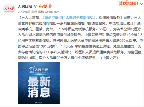 目前,三大运营商都在抗疫期间推出一系列措施保障客户的通信服务。中国电信已累计开通各类手机、固话、宽带、IPTV等相应免缓停机服务7.68亿户,为各省赴湖北医疗人员在湖北期间的通信费用提供减免服务。中国联通已对重点疫情地区19个省2.5亿用户实施暂缓停机,并对赴湖北医护人员中的联通用户每人赠送520元话费。中国移动为全国1381万客户、1.48万所学校免费提供线上课程、免费直播能力,为参与疫情防控的8600余名支援湖北一线医护人员提供通信费减免服务,为全国疫情防控指挥、医护人员等90余万人提供免停机服务。(中国之声)
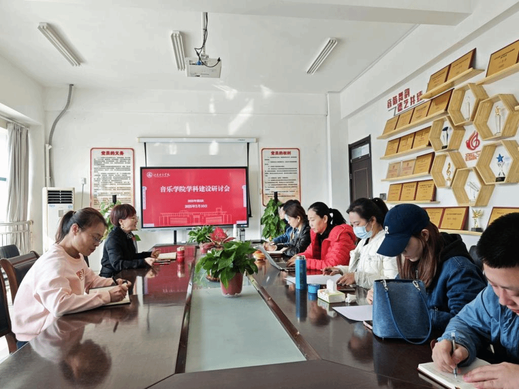 为进一步提升学院学科建设水平和专业人才培养质量,打造特色鲜明的音乐教育品牌,2025年3月10日,音乐学院召开学科建设与专业建设研讨会。院长宋小霞、副书记吕梅、院长助理、各教研室主任以及教务员参加会议。
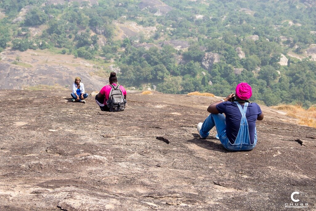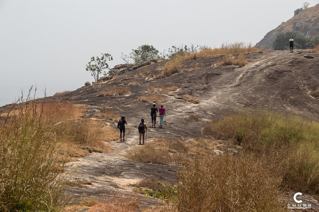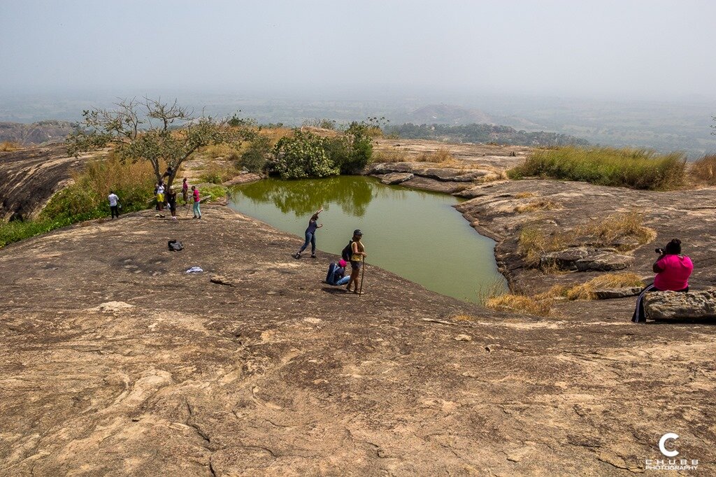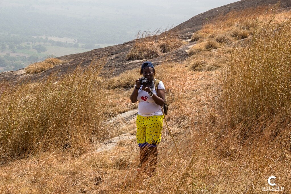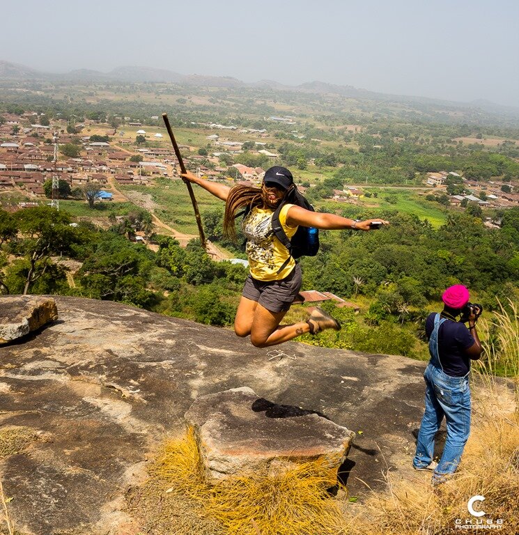 Hours later, we finally got to the sleepy town of Ado Awaye in Oyo State. A wrong turn gave us a moment to take a beautiful shot of an old leafless tree. Such was the pull of its sheer magnitude. Enthusiastically, we continued our journey to the foot of the mountain where we met Mr. Adediran Adesegun, the old custodian of the mountain trail. Being an older man, he got Victoria, a young lady from the town to be our guide. Sticks were brought out and medical conditions were verified and we eager beavers were on our way. Soon groans could be heard as we climbed uphill maneuvering our way over the broken uneven steps. Intermittently, stops were made to catch breaths until; finally we made it to the first point. The Ishaga Rock formation was picturesque as always with the white material from a previous ritual at its base. We took moments to catch our breath, and after recovering went about taking pictures. The view from above was awesome and inspiring. There was excitement to see such beauty at the end of an intense climb. Everyone acquiesced that they underestimated the intensity of the climb as expressed in the dossier.
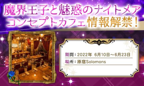 ボルテージが贈る恋愛ドラマ・ボル恋シリーズの「魔界王子と魅惑のナイトメア」× 原宿Solomonsにて2022年6月23日までコラボカフェが開催される。作品の世界観やキャラクターをイメージしたコラボメニューがお楽しみいただける他、美麗なビジュアルを使用したコラボカフェ限定グッズが登場!
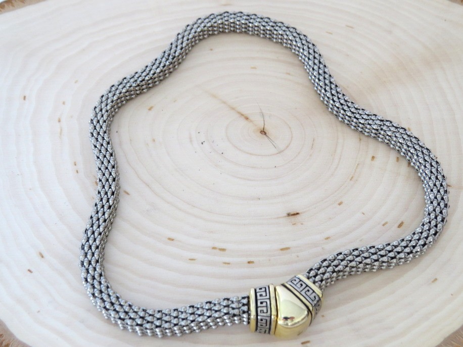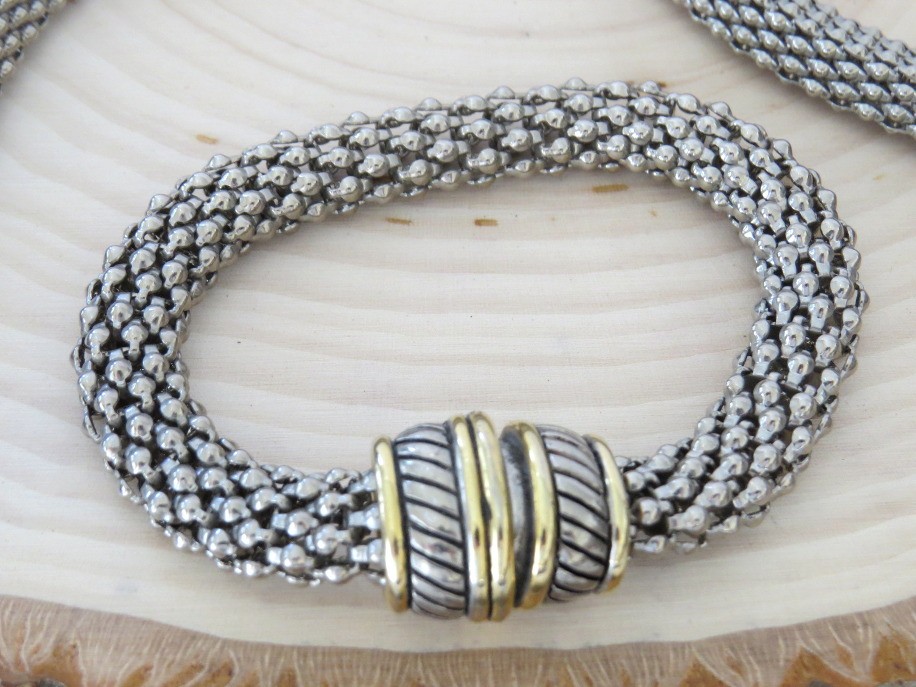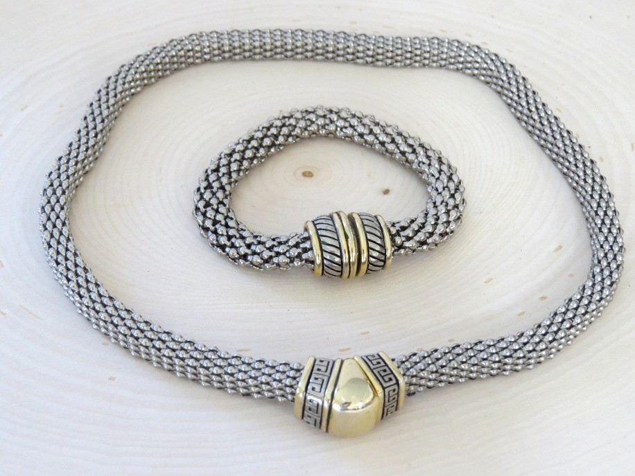 Vintage woven necklace & bracelet set with two tone magnetic clasp. Necklace and bracelet are done in a silver tone heavy mesh squared rope design. Necklace measures 17 1/2" long X 1/4" wide X 1/4" thick. Bracelet is 7 3/4" long.
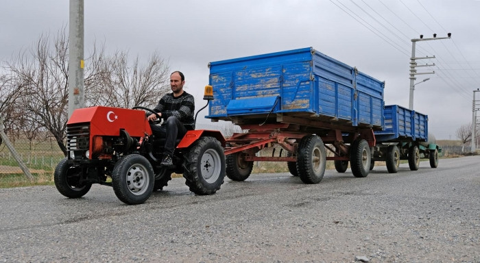 Sarayönü ilçesi Başhüyük Mahallesi'nde çiftçi Mustafa Zügül Karabaş, topladığı hurda malzemelerle evinin garajındaki hobi atölyesinde 10 vitesli mini traktör yaptı. Yaklaşık 1 yılda fırsat buldukça atölyesinde topladığı parçaları bir araya getiren Karabaş, saatte 50 kilometreye ulaşabilen mini traktörüyle büyük römorkları ve su tankerini çekiyor.
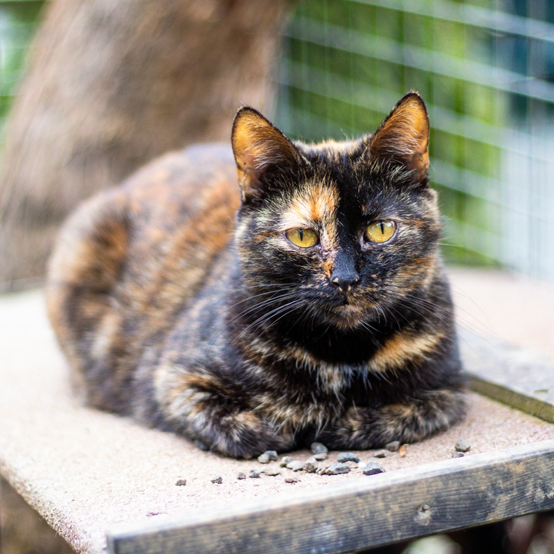 Holly haben wir von unserem Partnerverein, der Tierhilfe Hoffnung, übernommen. Sie ist eine von 23 Katzen die zusammen mit 114 Hunden auf einem Hof gelebt haben und die durch die Tierschutz Polizei gesichert wurden.
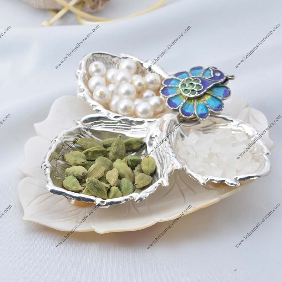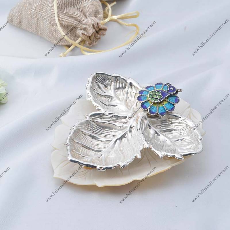 Leaf Design 3-in-1 Silver Bowl has a leafy design, with more detailing over the platter giving it a similar appearance. Everyone will compliment your taste. Along with the exterior, the silver bowl has many health benefits. Your immunity will become better with this fancy silver bowl.
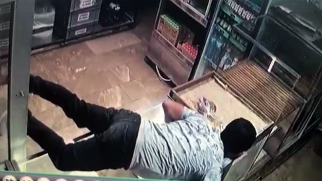 Kayseri'de şüpheli bir kişi, içerisinde 600 TL bulunan sadaka kutusuna güçlükle ulaşarak çaldı, o anlar güvenlik kamerasına yansıdı.
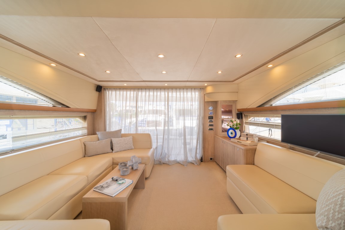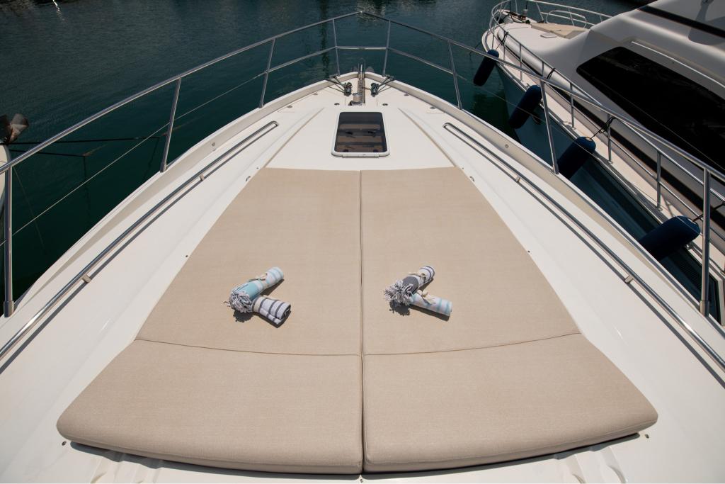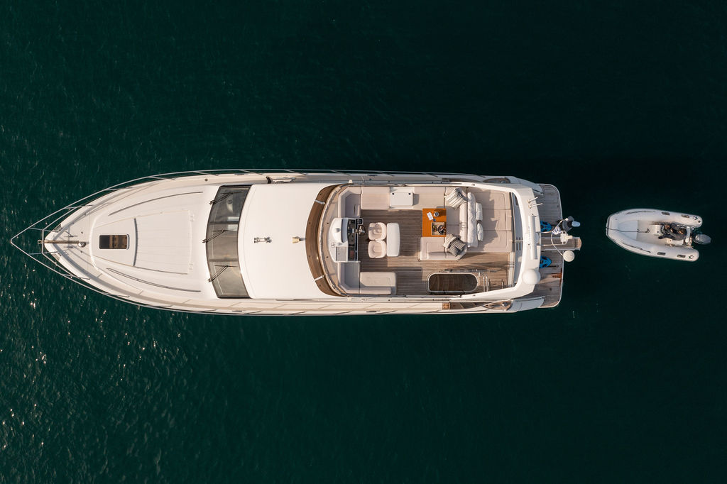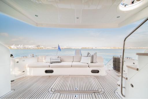 With a generous aft deck, a well-designed flybridge, and a spacious swimming platform, the Princess 62 invites guests to unwind in style. With a professional crew of two ensuring impeccable service, this yacht promises a luxurious and seamless yachting experience.
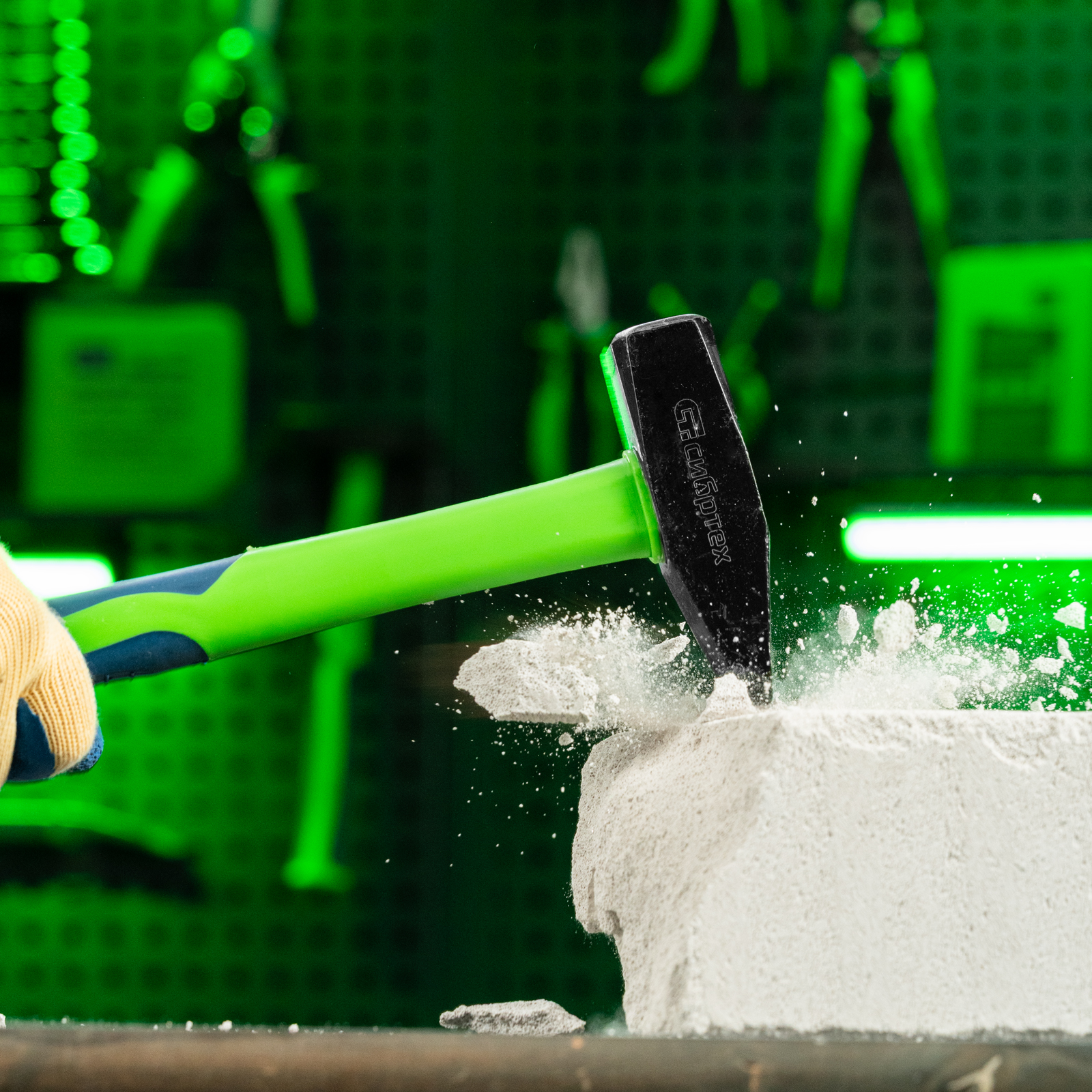 - Комфортная работа — легкая фибергласовая рукоятка поглощает колебания от ударов, ее прорезиненная поверхность не скользит в руке.
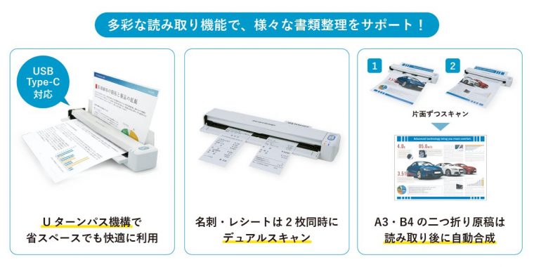 いつでもどこでも使えるモバイルスキャナーに最新モデルが登場。USB Type-Cに変更され、より使いやすくなっています。専用ソフトやクラウド連携サービスも便利。また、ユニークなデザインが揃うオリジナルカバーにも注目です。
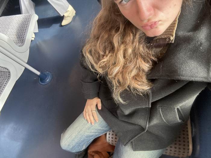 The scene is located within a public transport vehicle in Bondy, France. The image is taken from a high angle, focusing on a young adult female seated in the foreground. She has long, wavy, light brown hair and blue eyes, captured with pouting lips in a selfie-style pose. She wears a dark overcoat, a collared patterned sweater underneath, and light blue denim jeans. Two rings are visible on her left hand. Her right foot, partially visible, shows a light-colored patterned shoe. To her left, the back of a light-colored public transport seat with a patterned fabric is visible, along with a metal support pole anchored to the dark blue floor. Another individual's lower legs and feet are partially visible in the upper left background; this person wears light grey trousers and cream-colored, pointed-toe ankle boots. The floor is uniformly dark blue, and a circular blue pole base is centered in the mid-left of the frame.
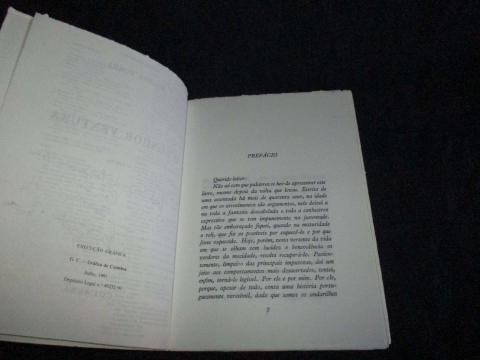 Assinatura de posse. "Escrito de uma assentada há mais de quarenta anos, na idade em que os atrevimentos são argumentos, nele deixei a nu toda a fantasia descabelada e toda a canhestrez expressiva que se tem impunemente na juventude. Mas tão embaraçado fiquei, quando na maturidade o reli, que fiz os possíveis por esquecê-lo e por que fosse esquecido”. (excerto do prefácio da segunda edição). O romance constitui um relato das aventuras de um emigrante português na China.
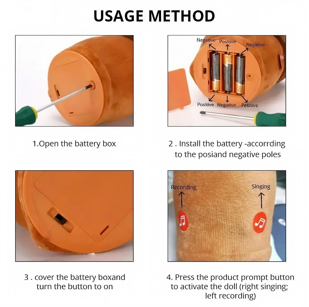 ✅ Battery Operated: Includes English songs, dancing, lighting, and recording features (3 x AA batteries required, not included).
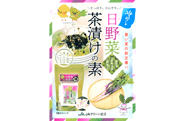 また、JAグリーン近江では「切漬」をみじん切りにし、フリーズドライ加工してつくった「日野菜茶漬けの素」(5・3グラム×5袋入り、同550円)も販売中。夏にさっぱりと食べる「冷やし茶漬け」の食べ方などを広報している。
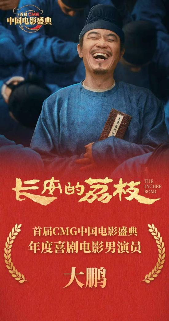 盛典现场重磅荣誉揭晓。长影联合出品电影《长安的荔枝》表现亮眼,一举拿下年度跨界力量、年度喜剧电影男演员(大鹏)、年度原创歌曲《庙堂之外》三项荣誉,成为本届盛典的亮点之作。

REQUIRED ACTION - Omitting the images, output each record precisely as written.

EXPECTED OUTPUT -
 目前,三大运营商都在抗疫期间推出一系列措施保障客户的通信服务。中国电信已累计开通各类手机、固话、宽带、IPTV等相应免缓停机服务7.68亿户,为各省赴湖北医疗人员在湖北期间的通信费用提供减免服务。中国联通已对重点疫情地区19个省2.5亿用户实施暂缓停机,并对赴湖北医护人员中的联通用户每人赠送520元话费。中国移动为全国1381万客户、1.48万所学校免费提供线上课程、免费直播能力,为参与疫情防控的8600余名支援湖北一线医护人员提供通信费减免服务,为全国疫情防控指挥、医护人员等90余万人提供免停机服务。(中国之声)
 为进一步提升学院学科建设水平和专业人才培养质量,打造特色鲜明的音乐教育品牌,2025年3月10日,音乐学院召开学科建设与专业建设研讨会。院长宋小霞、副书记吕梅、院长助理、各教研室主任以及教务员参加会议。
 Hours later, we finally got to the sleepy town of Ado Awaye in Oyo State. A wrong turn gave us a moment to take a beautiful shot of an old leafless tree. Such was the pull of its sheer magnitude. Enthusiastically, we continued our journey to the foot of the mountain where we met Mr. Adediran Adesegun, the old custodian of the mountain trail. Being an older man, he got Victoria, a young lady from the town to be our guide. Sticks were brought out and medical conditions were verified and we eager beavers were on our way. Soon groans could be heard as we climbed uphill maneuvering our way over the broken uneven steps. Intermittently, stops were made to catch breaths until; finally we made it to the first point. The Ishaga Rock formation was picturesque as always with the white material from a previous ritual at its base. We took moments to catch our breath, and after recovering went about taking pictures. The view from above was awesome and inspiring. There was excitement to see such beauty at the end of an intense climb. Everyone acquiesced that they underestimated the intensity of the climb as expressed in the dossier.
 ボルテージが贈る恋愛ドラマ・ボル恋シリーズの「魔界王子と魅惑のナイトメア」× 原宿Solomonsにて2022年6月23日までコラボカフェが開催される。作品の世界観やキャラクターをイメージしたコラボメニューがお楽しみいただける他、美麗なビジュアルを使用したコラボカフェ限定グッズが登場!
 Vintage woven necklace & bracelet set with two tone magnetic clasp. Necklace and bracelet are done in a silver tone heavy mesh squared rope design. Necklace measures 17 1/2" long X 1/4" wide X 1/4" thick. Bracelet is 7 3/4" long.
 Sarayönü ilçesi Başhüyük Mahallesi'nde çiftçi Mustafa Zügül Karabaş, topladığı hurda malzemelerle evinin garajındaki hobi atölyesinde 10 vitesli mini traktör yaptı. Yaklaşık 1 yılda fırsat buldukça atölyesinde topladığı parçaları bir araya getiren Karabaş, saatte 50 kilometreye ulaşabilen mini traktörüyle büyük römorkları ve su tankerini çekiyor.
 Holly haben wir von unserem Partnerverein, der Tierhilfe Hoffnung, übernommen. Sie ist eine von 23 Katzen die zusammen mit 114 Hunden auf einem Hof gelebt haben und die durch die Tierschutz Polizei gesichert wurden.
 Leaf Design 3-in-1 Silver Bowl has a leafy design, with more detailing over the platter giving it a similar appearance. Everyone will compliment your taste. Along with the exterior, the silver bowl has many health benefits. Your immunity will become better with this fancy silver bowl.
 Kayseri'de şüpheli bir kişi, içerisinde 600 TL bulunan sadaka kutusuna güçlükle ulaşarak çaldı, o anlar güvenlik kamerasına yansıdı.
 With a generous aft deck, a well-designed flybridge, and a spacious swimming platform, the Princess 62 invites guests to unwind in style. With a professional crew of two ensuring impeccable service, this yacht promises a luxurious and seamless yachting experience.
 - Комфортная работа — легкая фибергласовая рукоятка поглощает колебания от ударов, ее прорезиненная поверхность не скользит в руке.
 いつでもどこでも使えるモバイルスキャナーに最新モデルが登場。USB Type-Cに変更され、より使いやすくなっています。専用ソフトやクラウド連携サービスも便利。また、ユニークなデザインが揃うオリジナルカバーにも注目です。
 The scene is located within a public transport vehicle in Bondy, France. The image is taken from a high angle, focusing on a young adult female seated in the foreground. She has long, wavy, light brown hair and blue eyes, captured with pouting lips in a selfie-style pose. She wears a dark overcoat, a collared patterned sweater underneath, and light blue denim jeans. Two rings are visible on her left hand. Her right foot, partially visible, shows a light-colored patterned shoe. To her left, the back of a light-colored public transport seat with a patterned fabric is visible, along with a metal support pole anchored to the dark blue floor. Another individual's lower legs and feet are partially visible in the upper left background; this person wears light grey trousers and cream-colored, pointed-toe ankle boots. The floor is uniformly dark blue, and a circular blue pole base is centered in the mid-left of the frame.
 Assinatura de posse. "Escrito de uma assentada há mais de quarenta anos, na idade em que os atrevimentos são argumentos, nele deixei a nu toda a fantasia descabelada e toda a canhestrez expressiva que se tem impunemente na juventude. Mas tão embaraçado fiquei, quando na maturidade o reli, que fiz os possíveis por esquecê-lo e por que fosse esquecido”. (excerto do prefácio da segunda edição). O romance constitui um relato das aventuras de um emigrante português na China.
 ✅ Battery Operated: Includes English songs, dancing, lighting, and recording features (3 x AA batteries required, not included).
 また、JAグリーン近江では「切漬」をみじん切りにし、フリーズドライ加工してつくった「日野菜茶漬けの素」(5・3グラム×5袋入り、同550円)も販売中。夏にさっぱりと食べる「冷やし茶漬け」の食べ方などを広報している。
 盛典现场重磅荣誉揭晓。长影联合出品电影《长安的荔枝》表现亮眼,一举拿下年度跨界力量、年度喜剧电影男演员(大鹏)、年度原创歌曲《庙堂之外》三项荣誉,成为本届盛典的亮点之作。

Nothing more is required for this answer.